DATA EXTRACTS →
┏━━
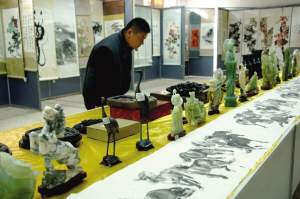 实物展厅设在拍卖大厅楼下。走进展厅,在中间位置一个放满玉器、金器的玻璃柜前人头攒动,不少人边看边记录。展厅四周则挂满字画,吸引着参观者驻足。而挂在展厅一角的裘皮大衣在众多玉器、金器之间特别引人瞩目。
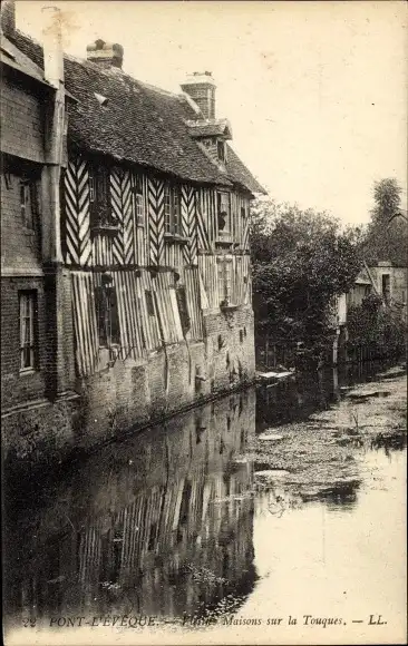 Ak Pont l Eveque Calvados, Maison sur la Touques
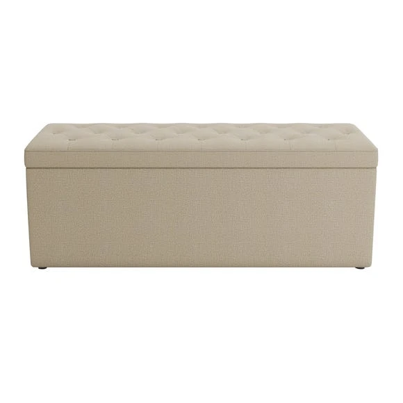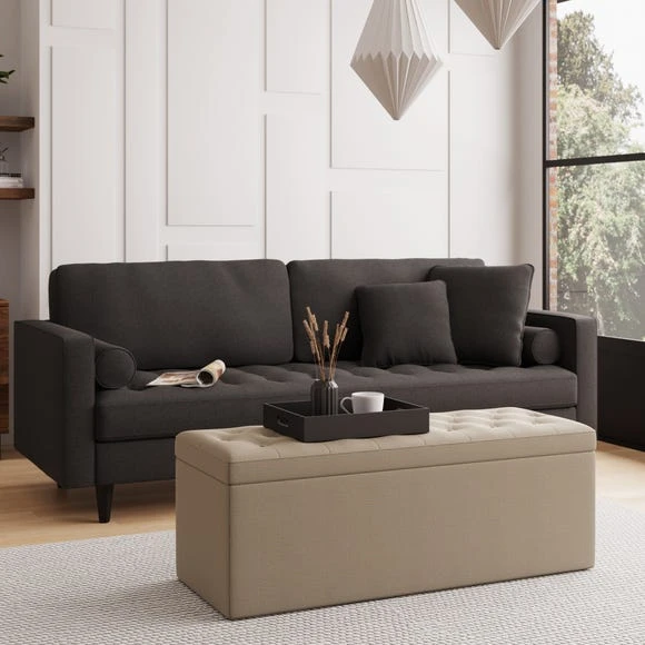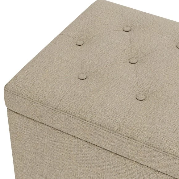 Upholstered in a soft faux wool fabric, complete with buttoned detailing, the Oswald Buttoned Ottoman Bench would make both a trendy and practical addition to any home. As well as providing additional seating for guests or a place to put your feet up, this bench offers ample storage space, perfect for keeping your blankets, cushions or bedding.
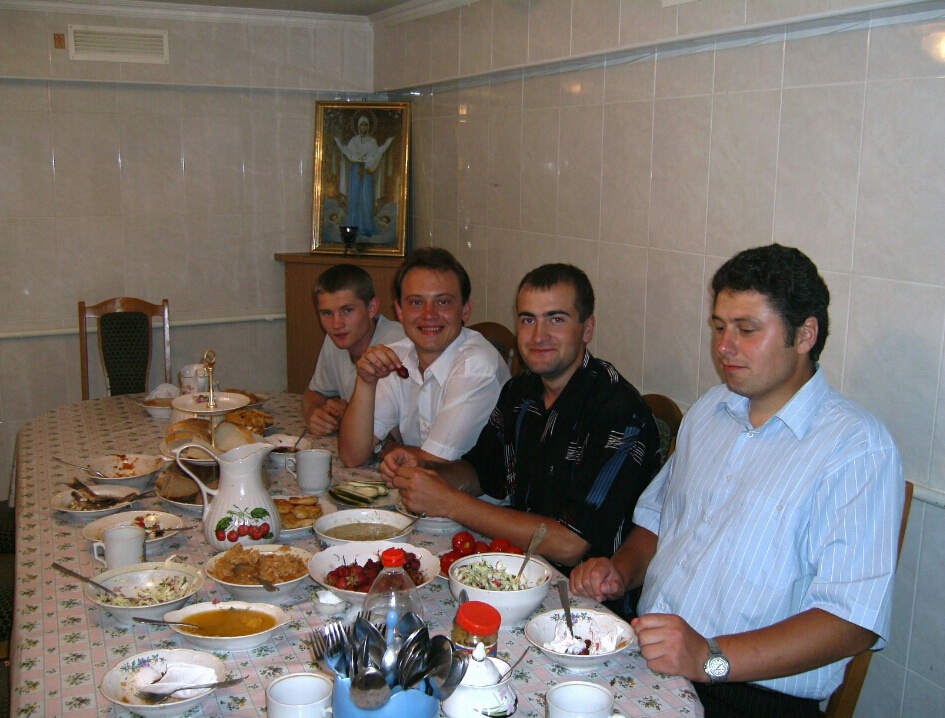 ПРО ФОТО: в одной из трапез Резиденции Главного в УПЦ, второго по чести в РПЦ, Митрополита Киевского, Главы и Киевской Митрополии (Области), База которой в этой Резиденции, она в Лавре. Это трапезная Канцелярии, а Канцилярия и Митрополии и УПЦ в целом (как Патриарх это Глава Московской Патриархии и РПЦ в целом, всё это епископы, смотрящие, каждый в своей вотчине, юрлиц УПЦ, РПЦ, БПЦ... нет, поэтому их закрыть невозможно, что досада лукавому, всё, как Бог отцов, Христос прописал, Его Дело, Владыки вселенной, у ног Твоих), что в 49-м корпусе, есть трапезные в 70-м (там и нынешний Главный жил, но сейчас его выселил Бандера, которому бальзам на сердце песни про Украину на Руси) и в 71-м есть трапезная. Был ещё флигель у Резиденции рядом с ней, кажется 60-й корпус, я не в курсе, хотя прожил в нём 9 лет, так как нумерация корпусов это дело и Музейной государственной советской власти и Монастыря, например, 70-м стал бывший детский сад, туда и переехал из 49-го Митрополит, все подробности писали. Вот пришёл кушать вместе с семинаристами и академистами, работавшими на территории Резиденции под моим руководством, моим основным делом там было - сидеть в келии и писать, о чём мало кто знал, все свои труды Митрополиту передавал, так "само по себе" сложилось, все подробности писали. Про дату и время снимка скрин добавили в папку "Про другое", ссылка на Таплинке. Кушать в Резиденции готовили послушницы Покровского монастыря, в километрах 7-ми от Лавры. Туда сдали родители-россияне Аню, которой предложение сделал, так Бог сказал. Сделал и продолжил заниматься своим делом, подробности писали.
┗━━
┏━━
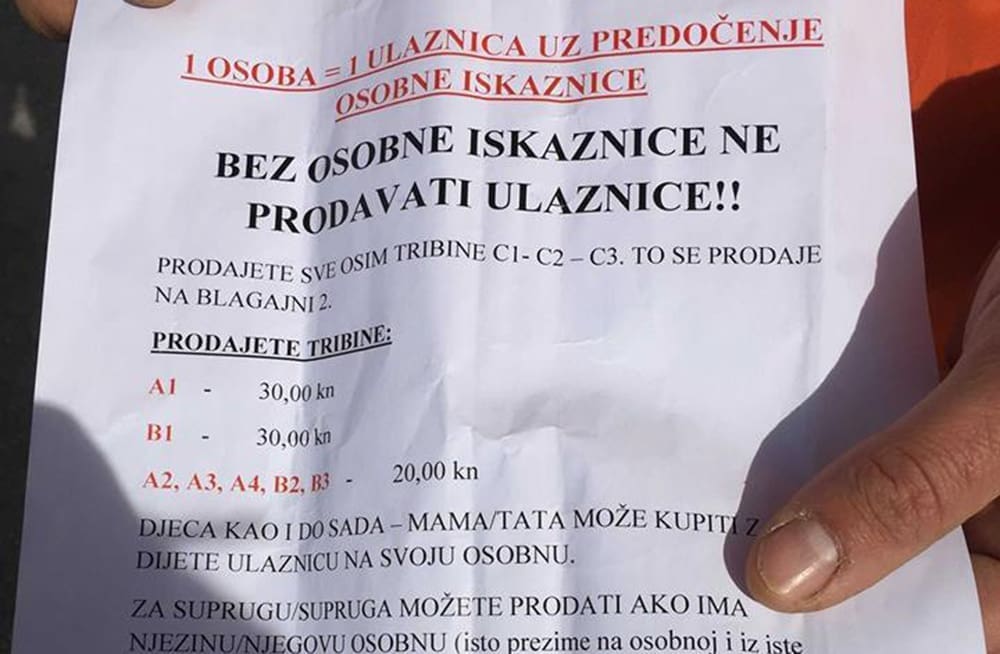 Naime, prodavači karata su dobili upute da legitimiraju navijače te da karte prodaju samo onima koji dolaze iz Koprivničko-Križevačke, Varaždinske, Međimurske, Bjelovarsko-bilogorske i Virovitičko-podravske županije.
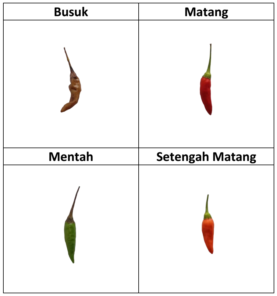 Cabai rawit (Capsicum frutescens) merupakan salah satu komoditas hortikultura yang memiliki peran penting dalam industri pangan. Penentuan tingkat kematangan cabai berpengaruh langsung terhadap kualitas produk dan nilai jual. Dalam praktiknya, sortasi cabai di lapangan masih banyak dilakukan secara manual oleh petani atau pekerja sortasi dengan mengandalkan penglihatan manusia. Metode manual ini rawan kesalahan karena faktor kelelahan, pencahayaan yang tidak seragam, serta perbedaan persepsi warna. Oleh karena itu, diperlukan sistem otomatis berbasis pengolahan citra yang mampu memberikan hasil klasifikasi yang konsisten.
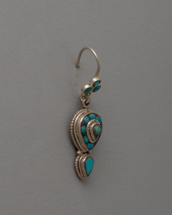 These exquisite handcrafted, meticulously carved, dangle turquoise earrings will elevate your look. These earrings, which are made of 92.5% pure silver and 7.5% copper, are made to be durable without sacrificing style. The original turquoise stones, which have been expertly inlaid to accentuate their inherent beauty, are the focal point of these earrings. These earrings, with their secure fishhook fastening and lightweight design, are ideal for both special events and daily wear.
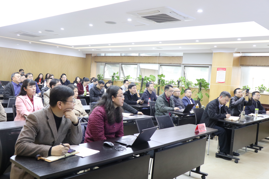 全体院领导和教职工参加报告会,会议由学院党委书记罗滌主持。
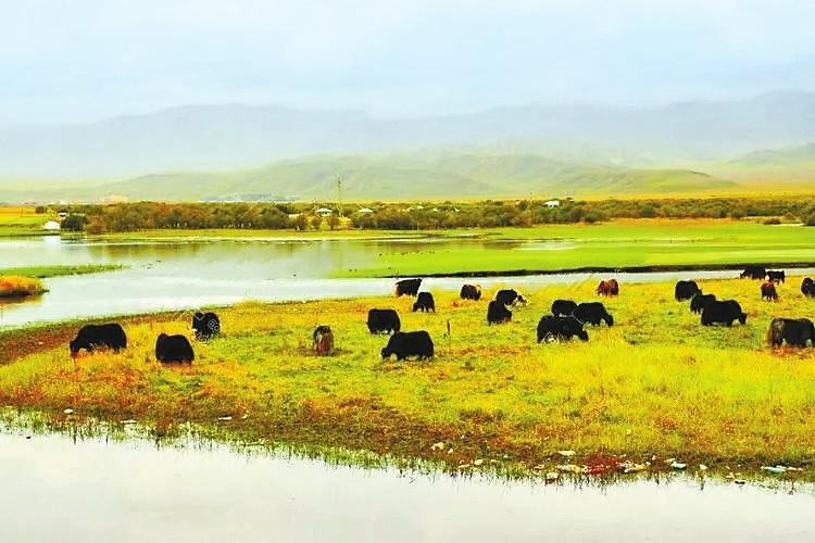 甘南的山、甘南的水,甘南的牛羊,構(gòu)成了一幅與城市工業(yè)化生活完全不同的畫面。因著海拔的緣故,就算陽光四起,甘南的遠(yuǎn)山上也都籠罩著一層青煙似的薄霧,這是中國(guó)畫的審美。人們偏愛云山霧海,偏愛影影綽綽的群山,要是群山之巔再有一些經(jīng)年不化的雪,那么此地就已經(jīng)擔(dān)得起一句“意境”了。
┗━━
WHAT YOU ARE ASKED TO DO → From the material above, output only the span of lines that starts at the one containing "Ak Pont l Eveque" and finishes at the one containing "Upholstered in a", word for word and free of pictures.

SOLUTION FOR THIS EXERCISE →
 Ak Pont l Eveque Calvados, Maison sur la Touques
 Upholstered in a soft faux wool fabric, complete with buttoned detailing, the Oswald Buttoned Ottoman Bench would make both a trendy and practical addition to any home. As well as providing additional seating for guests or a place to put your feet up, this bench offers ample storage space, perfect for keeping your blankets, cushions or bedding.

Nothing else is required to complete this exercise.